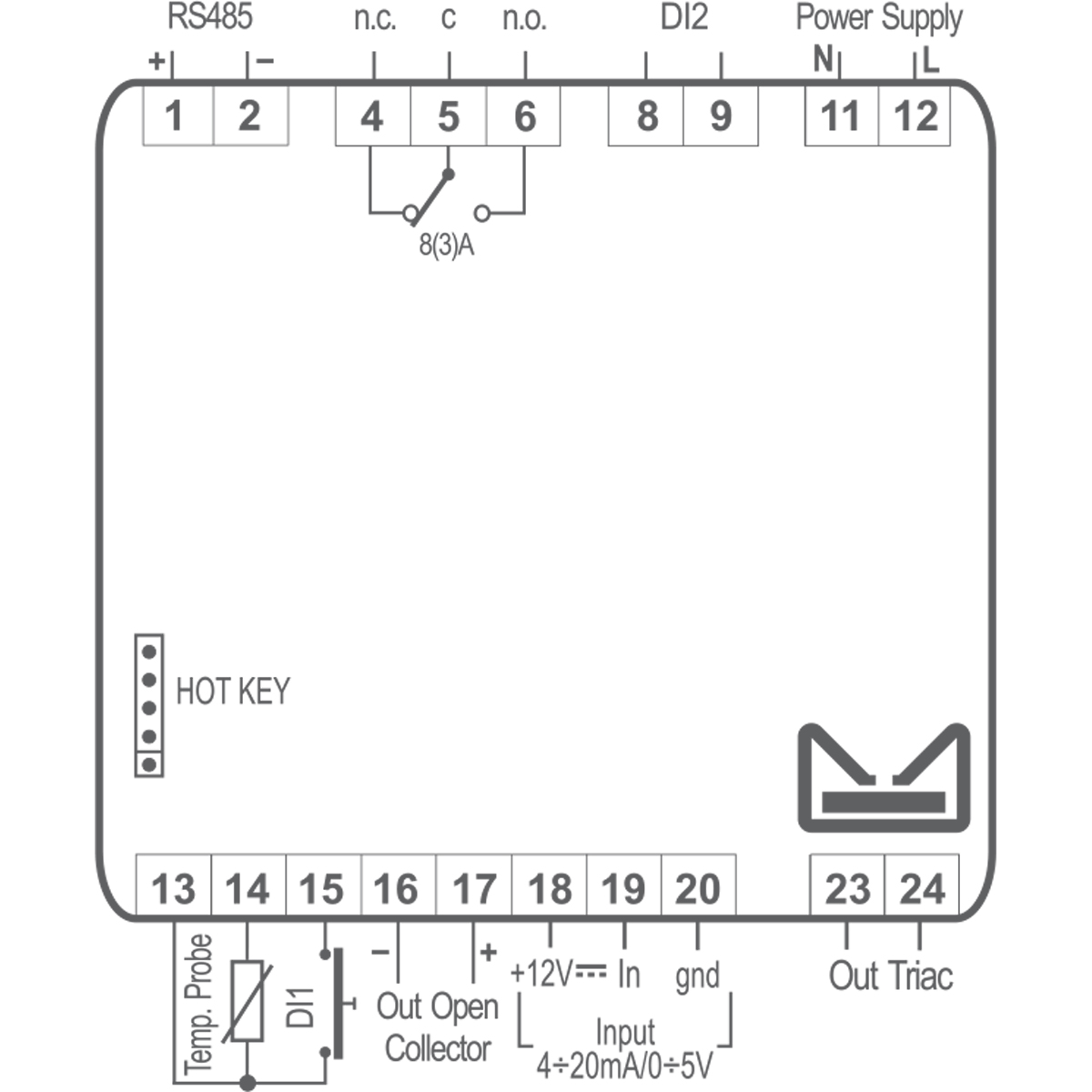 NTC, PTC, Pt100, TcJ, TcK, TcS, 4÷20mA, 0÷1V, 0÷10V
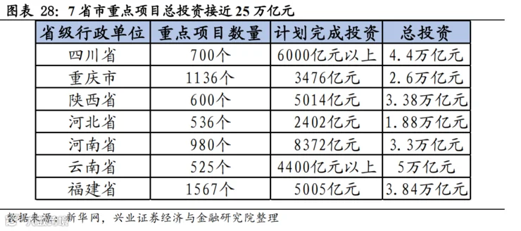 自 2020 年以来,已有 25 个省市的政府工 作报告提及新型基建,其中 8 个地区明确规划了年内计划新建 5G 基站的数量, 合计超过 30 万个。四川、重庆、陕西、河北等省市已发布了年度重点项目清单, 总投资接近 25 万亿元,计划完成投资也接近 3.5 万亿元。自决策层吹风到地方政府的跟进,自上而下地推进新基建。
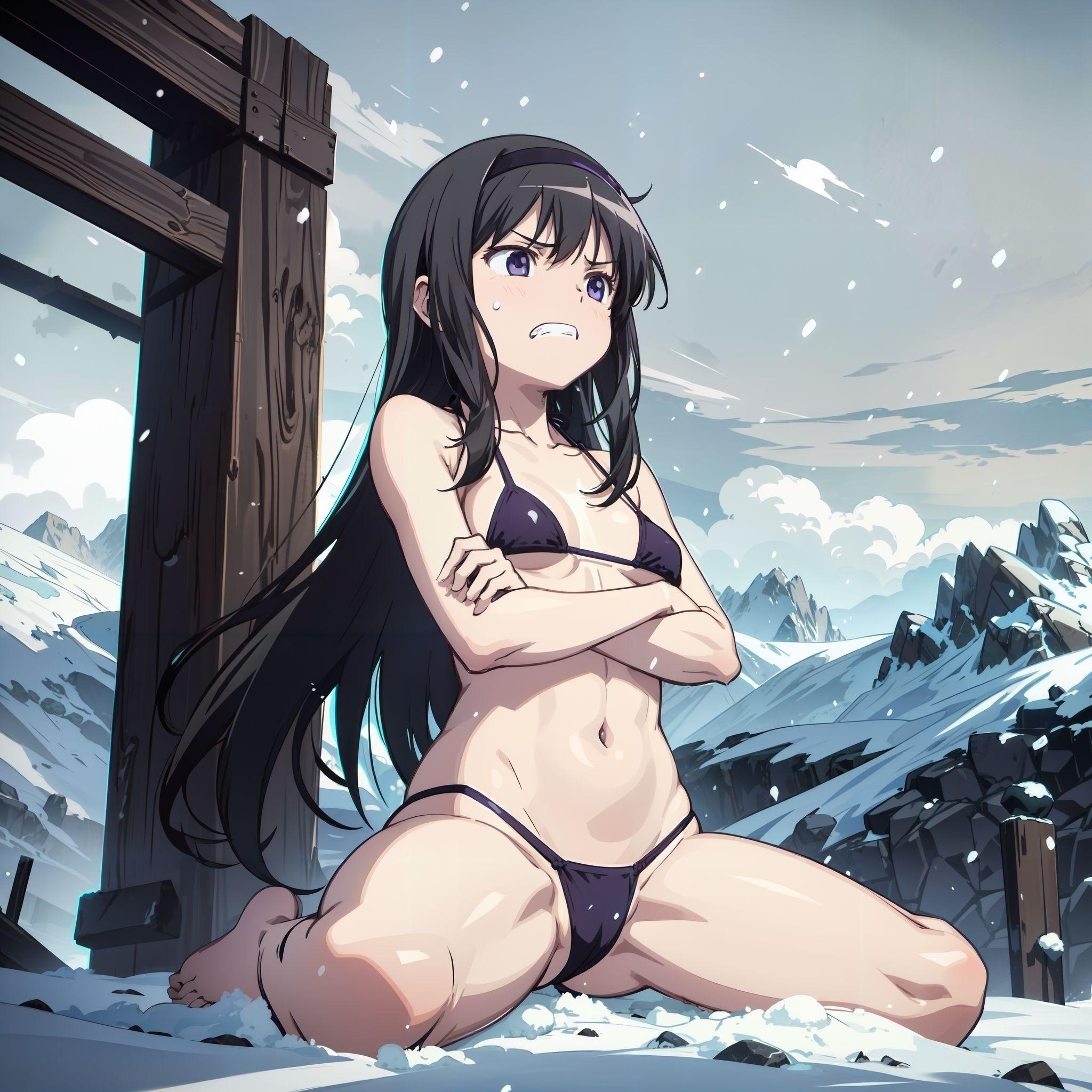 ビキニ姿のほむほむが雪山で寒さに耐えるイラスト

*WORK REQUIRED*:
Beginning with the line that contains "自 2020 年以来,已有" in the data above, please copy each line exactly until the last line, both ends included, skipping any pictures.

*TASK RESPONSE*:
 自 2020 年以来,已有 25 个省市的政府工 作报告提及新型基建,其中 8 个地区明确规划了年内计划新建 5G 基站的数量, 合计超过 30 万个。四川、重庆、陕西、河北等省市已发布了年度重点项目清单, 总投资接近 25 万亿元,计划完成投资也接近 3.5 万亿元。自决策层吹风到地方政府的跟进,自上而下地推进新基建。
 ビキニ姿のほむほむが雪山で寒さに耐えるイラスト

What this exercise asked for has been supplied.